Requirement
Once you find the line containing "Melrand, Kergair, logis-étable, cloison", set down exactly that line and every one after it through the end of the listing below, with both ends included and any pictures omitted.

Data provided
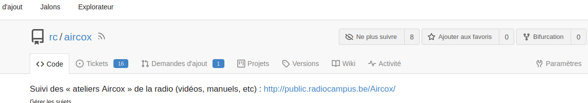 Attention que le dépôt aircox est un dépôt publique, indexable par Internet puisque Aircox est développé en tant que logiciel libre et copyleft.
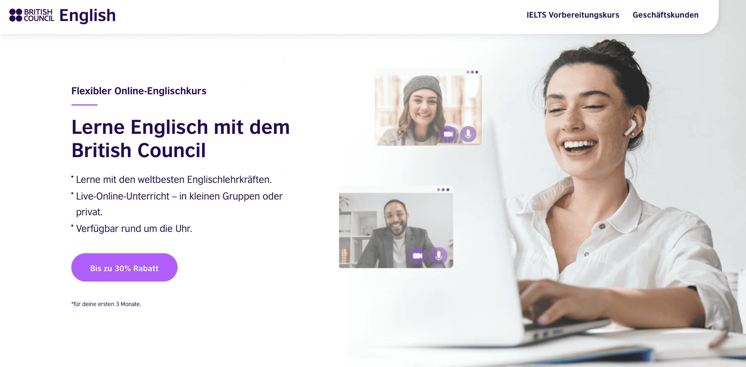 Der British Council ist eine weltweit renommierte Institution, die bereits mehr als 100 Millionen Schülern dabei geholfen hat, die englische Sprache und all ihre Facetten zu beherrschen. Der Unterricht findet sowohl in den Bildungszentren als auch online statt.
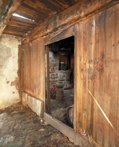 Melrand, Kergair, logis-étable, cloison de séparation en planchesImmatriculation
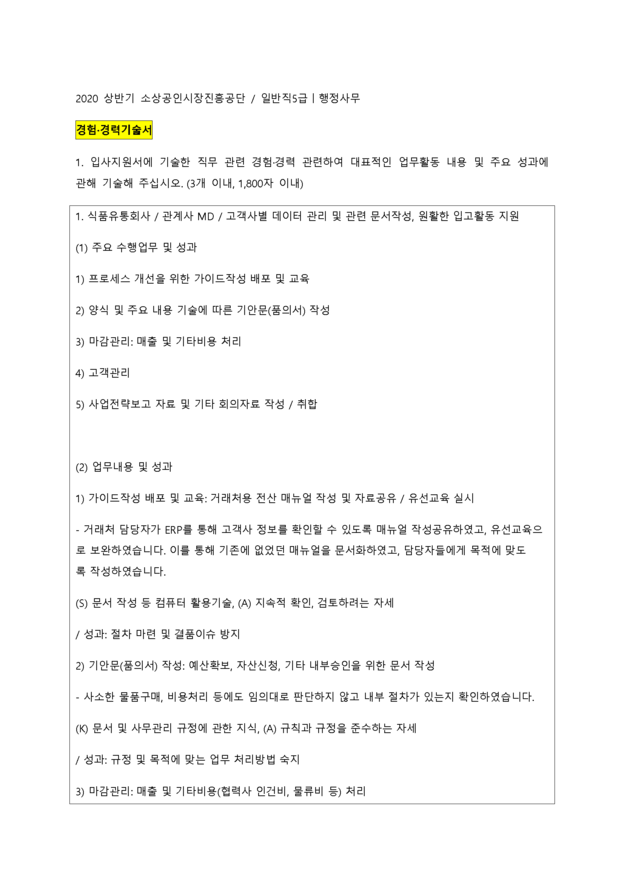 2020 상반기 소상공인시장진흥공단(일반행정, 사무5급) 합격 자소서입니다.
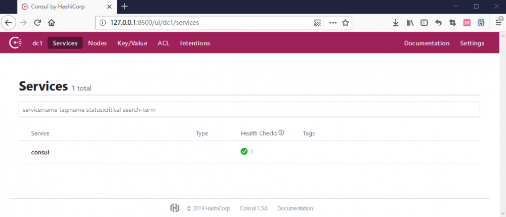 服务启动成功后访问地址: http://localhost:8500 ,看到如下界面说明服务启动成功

Expected answer
 Melrand, Kergair, logis-étable, cloison de séparation en planchesImmatriculation
 2020 상반기 소상공인시장진흥공단(일반행정, 사무5급) 합격 자소서입니다.
 服务启动成功后访问地址: http://localhost:8500 ,看到如下界面说明服务启动成功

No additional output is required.